The task => Line by line, copy the records below exactly and leave the pictures out.

....

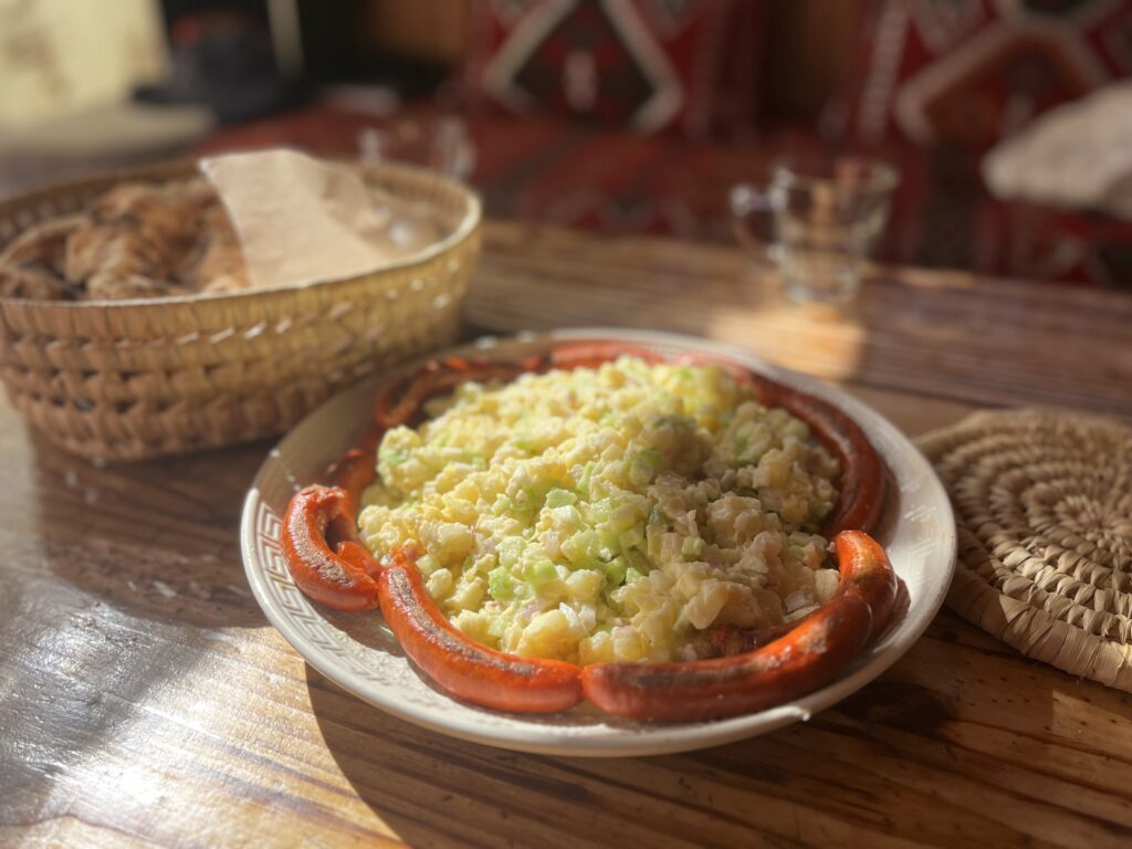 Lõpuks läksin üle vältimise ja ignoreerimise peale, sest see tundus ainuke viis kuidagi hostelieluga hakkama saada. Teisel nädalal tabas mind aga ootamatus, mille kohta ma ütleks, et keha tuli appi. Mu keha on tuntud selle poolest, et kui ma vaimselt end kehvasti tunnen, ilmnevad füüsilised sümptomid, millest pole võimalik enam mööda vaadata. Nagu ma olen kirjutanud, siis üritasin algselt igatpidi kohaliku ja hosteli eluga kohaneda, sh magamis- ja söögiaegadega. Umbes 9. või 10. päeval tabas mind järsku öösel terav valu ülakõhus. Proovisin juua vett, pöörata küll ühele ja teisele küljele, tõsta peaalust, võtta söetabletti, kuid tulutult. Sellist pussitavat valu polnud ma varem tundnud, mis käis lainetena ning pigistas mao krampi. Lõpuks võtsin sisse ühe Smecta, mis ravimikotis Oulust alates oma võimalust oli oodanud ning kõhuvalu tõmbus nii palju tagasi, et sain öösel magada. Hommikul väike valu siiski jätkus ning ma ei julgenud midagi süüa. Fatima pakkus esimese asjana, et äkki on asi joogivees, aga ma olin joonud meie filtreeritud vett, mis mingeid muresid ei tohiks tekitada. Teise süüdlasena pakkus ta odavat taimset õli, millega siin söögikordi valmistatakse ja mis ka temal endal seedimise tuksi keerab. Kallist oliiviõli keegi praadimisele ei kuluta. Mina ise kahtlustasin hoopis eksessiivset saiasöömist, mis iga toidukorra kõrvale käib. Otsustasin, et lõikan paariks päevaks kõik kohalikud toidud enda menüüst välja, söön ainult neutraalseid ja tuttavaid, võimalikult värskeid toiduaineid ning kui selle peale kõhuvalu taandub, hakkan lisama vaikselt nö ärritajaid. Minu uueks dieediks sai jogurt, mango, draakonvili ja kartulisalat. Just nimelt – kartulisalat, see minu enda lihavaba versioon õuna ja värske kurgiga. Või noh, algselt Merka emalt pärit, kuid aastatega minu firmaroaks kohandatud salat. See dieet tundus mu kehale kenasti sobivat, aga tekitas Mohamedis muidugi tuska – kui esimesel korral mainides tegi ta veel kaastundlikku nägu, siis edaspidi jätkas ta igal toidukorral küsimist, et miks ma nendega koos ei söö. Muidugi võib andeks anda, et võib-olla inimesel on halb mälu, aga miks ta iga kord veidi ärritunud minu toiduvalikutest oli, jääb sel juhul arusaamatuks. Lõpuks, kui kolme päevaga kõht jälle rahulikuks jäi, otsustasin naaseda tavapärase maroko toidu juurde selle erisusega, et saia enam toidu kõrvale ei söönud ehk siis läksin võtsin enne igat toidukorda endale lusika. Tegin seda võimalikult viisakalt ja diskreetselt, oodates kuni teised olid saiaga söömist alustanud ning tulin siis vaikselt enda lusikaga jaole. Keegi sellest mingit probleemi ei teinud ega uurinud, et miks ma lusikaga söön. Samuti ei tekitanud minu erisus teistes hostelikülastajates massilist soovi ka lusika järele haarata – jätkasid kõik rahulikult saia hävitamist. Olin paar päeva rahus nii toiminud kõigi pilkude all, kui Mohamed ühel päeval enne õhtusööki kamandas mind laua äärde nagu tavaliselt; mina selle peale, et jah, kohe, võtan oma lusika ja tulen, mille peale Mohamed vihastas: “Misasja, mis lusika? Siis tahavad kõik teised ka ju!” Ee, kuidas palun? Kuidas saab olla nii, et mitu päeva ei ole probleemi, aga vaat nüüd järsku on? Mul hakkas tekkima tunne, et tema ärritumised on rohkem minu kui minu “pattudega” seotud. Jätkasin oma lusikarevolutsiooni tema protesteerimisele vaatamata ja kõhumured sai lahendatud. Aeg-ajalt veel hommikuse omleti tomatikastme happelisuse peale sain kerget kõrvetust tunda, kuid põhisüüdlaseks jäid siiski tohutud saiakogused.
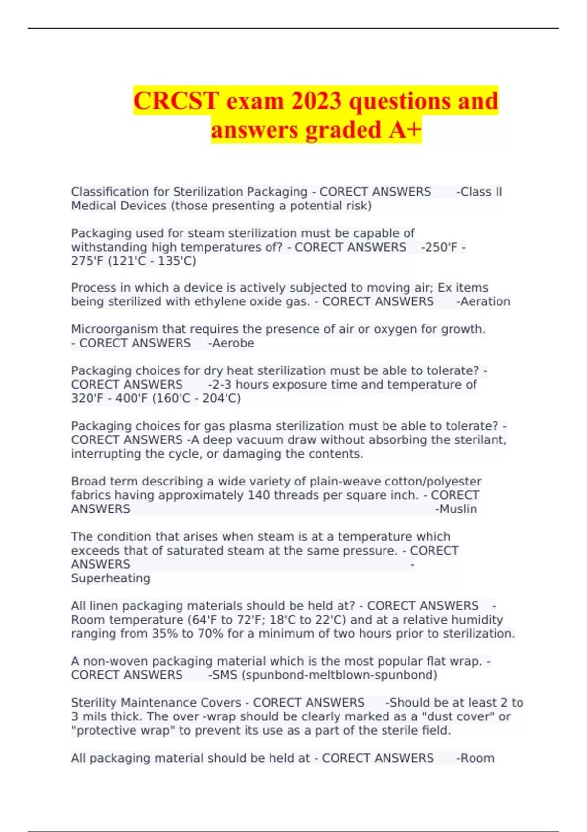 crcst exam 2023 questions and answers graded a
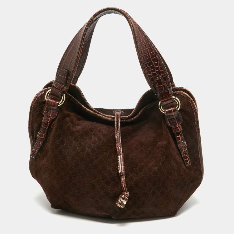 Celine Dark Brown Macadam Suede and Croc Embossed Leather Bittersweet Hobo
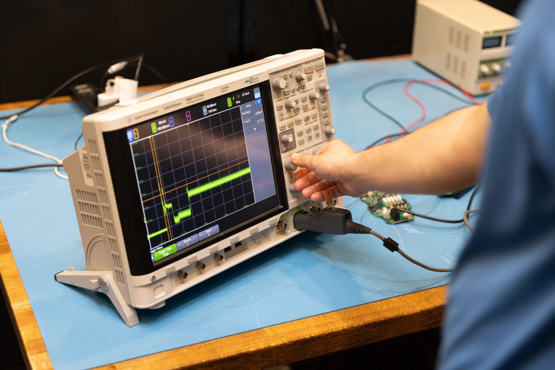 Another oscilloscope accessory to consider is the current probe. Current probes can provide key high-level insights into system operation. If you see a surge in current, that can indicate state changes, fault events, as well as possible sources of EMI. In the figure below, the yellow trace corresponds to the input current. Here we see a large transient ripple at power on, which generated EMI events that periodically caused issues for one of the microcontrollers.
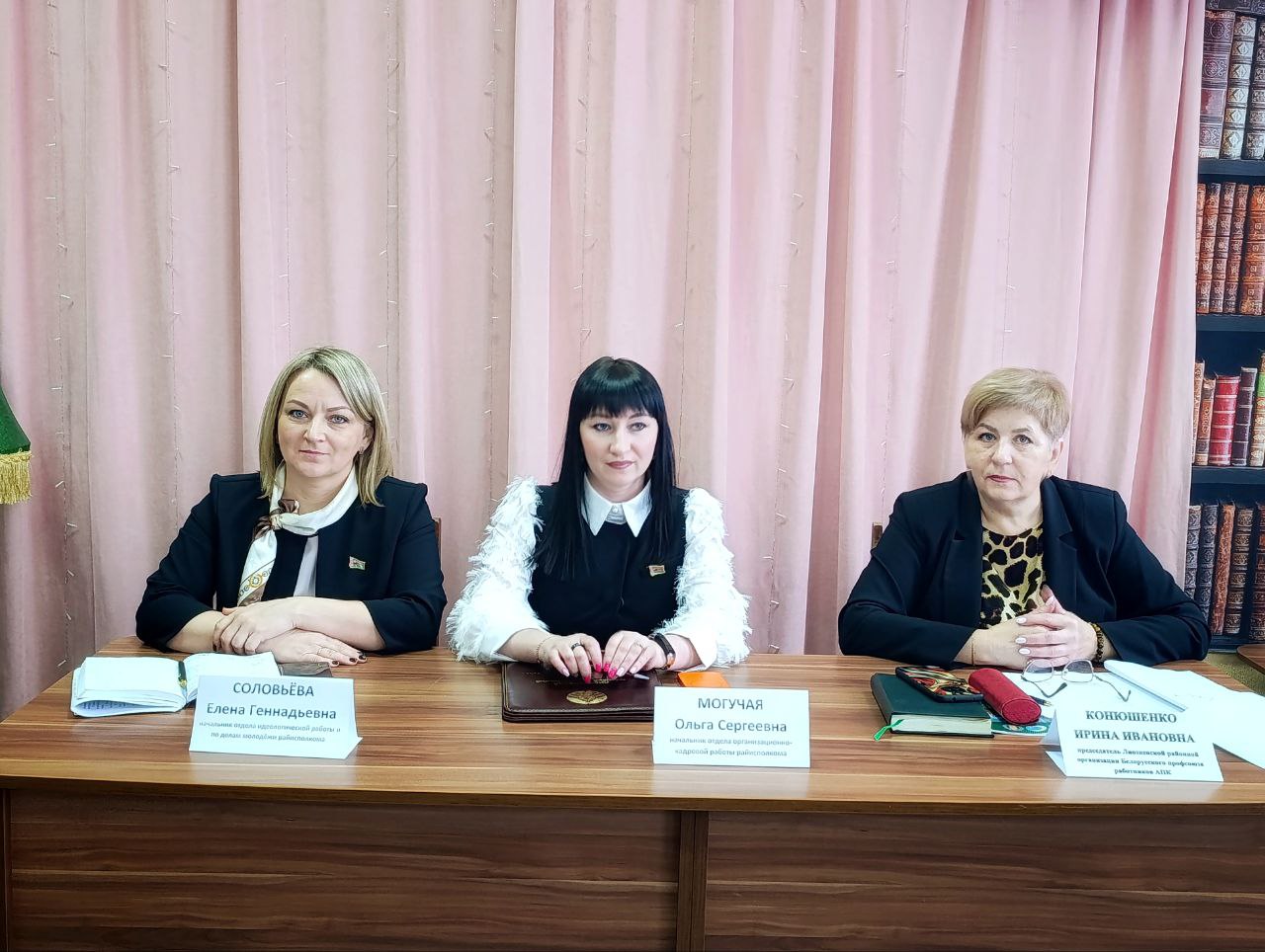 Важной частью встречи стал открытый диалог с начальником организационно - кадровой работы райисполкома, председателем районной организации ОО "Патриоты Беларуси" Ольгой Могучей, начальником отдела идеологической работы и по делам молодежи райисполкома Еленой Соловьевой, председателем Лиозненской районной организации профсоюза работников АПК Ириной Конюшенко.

....

Exercise solution =>
 Lõpuks läksin üle vältimise ja ignoreerimise peale, sest see tundus ainuke viis kuidagi hostelieluga hakkama saada. Teisel nädalal tabas mind aga ootamatus, mille kohta ma ütleks, et keha tuli appi. Mu keha on tuntud selle poolest, et kui ma vaimselt end kehvasti tunnen, ilmnevad füüsilised sümptomid, millest pole võimalik enam mööda vaadata. Nagu ma olen kirjutanud, siis üritasin algselt igatpidi kohaliku ja hosteli eluga kohaneda, sh magamis- ja söögiaegadega. Umbes 9. või 10. päeval tabas mind järsku öösel terav valu ülakõhus. Proovisin juua vett, pöörata küll ühele ja teisele küljele, tõsta peaalust, võtta söetabletti, kuid tulutult. Sellist pussitavat valu polnud ma varem tundnud, mis käis lainetena ning pigistas mao krampi. Lõpuks võtsin sisse ühe Smecta, mis ravimikotis Oulust alates oma võimalust oli oodanud ning kõhuvalu tõmbus nii palju tagasi, et sain öösel magada. Hommikul väike valu siiski jätkus ning ma ei julgenud midagi süüa. Fatima pakkus esimese asjana, et äkki on asi joogivees, aga ma olin joonud meie filtreeritud vett, mis mingeid muresid ei tohiks tekitada. Teise süüdlasena pakkus ta odavat taimset õli, millega siin söögikordi valmistatakse ja mis ka temal endal seedimise tuksi keerab. Kallist oliiviõli keegi praadimisele ei kuluta. Mina ise kahtlustasin hoopis eksessiivset saiasöömist, mis iga toidukorra kõrvale käib. Otsustasin, et lõikan paariks päevaks kõik kohalikud toidud enda menüüst välja, söön ainult neutraalseid ja tuttavaid, võimalikult värskeid toiduaineid ning kui selle peale kõhuvalu taandub, hakkan lisama vaikselt nö ärritajaid. Minu uueks dieediks sai jogurt, mango, draakonvili ja kartulisalat. Just nimelt – kartulisalat, see minu enda lihavaba versioon õuna ja värske kurgiga. Või noh, algselt Merka emalt pärit, kuid aastatega minu firmaroaks kohandatud salat. See dieet tundus mu kehale kenasti sobivat, aga tekitas Mohamedis muidugi tuska – kui esimesel korral mainides tegi ta veel kaastundlikku nägu, siis edaspidi jätkas ta igal toidukorral küsimist, et miks ma nendega koos ei söö. Muidugi võib andeks anda, et võib-olla inimesel on halb mälu, aga miks ta iga kord veidi ärritunud minu toiduvalikutest oli, jääb sel juhul arusaamatuks. Lõpuks, kui kolme päevaga kõht jälle rahulikuks jäi, otsustasin naaseda tavapärase maroko toidu juurde selle erisusega, et saia enam toidu kõrvale ei söönud ehk siis läksin võtsin enne igat toidukorda endale lusika. Tegin seda võimalikult viisakalt ja diskreetselt, oodates kuni teised olid saiaga söömist alustanud ning tulin siis vaikselt enda lusikaga jaole. Keegi sellest mingit probleemi ei teinud ega uurinud, et miks ma lusikaga söön. Samuti ei tekitanud minu erisus teistes hostelikülastajates massilist soovi ka lusika järele haarata – jätkasid kõik rahulikult saia hävitamist. Olin paar päeva rahus nii toiminud kõigi pilkude all, kui Mohamed ühel päeval enne õhtusööki kamandas mind laua äärde nagu tavaliselt; mina selle peale, et jah, kohe, võtan oma lusika ja tulen, mille peale Mohamed vihastas: “Misasja, mis lusika? Siis tahavad kõik teised ka ju!” Ee, kuidas palun? Kuidas saab olla nii, et mitu päeva ei ole probleemi, aga vaat nüüd järsku on? Mul hakkas tekkima tunne, et tema ärritumised on rohkem minu kui minu “pattudega” seotud. Jätkasin oma lusikarevolutsiooni tema protesteerimisele vaatamata ja kõhumured sai lahendatud. Aeg-ajalt veel hommikuse omleti tomatikastme happelisuse peale sain kerget kõrvetust tunda, kuid põhisüüdlaseks jäid siiski tohutud saiakogused.
 crcst exam 2023 questions and answers graded a
 Celine Dark Brown Macadam Suede and Croc Embossed Leather Bittersweet Hobo
 Another oscilloscope accessory to consider is the current probe. Current probes can provide key high-level insights into system operation. If you see a surge in current, that can indicate state changes, fault events, as well as possible sources of EMI. In the figure below, the yellow trace corresponds to the input current. Here we see a large transient ripple at power on, which generated EMI events that periodically caused issues for one of the microcontrollers.
 Важной частью встречи стал открытый диалог с начальником организационно - кадровой работы райисполкома, председателем районной организации ОО "Патриоты Беларуси" Ольгой Могучей, начальником отдела идеологической работы и по делам молодежи райисполкома Еленой Соловьевой, председателем Лиозненской районной организации профсоюза работников АПК Ириной Конюшенко.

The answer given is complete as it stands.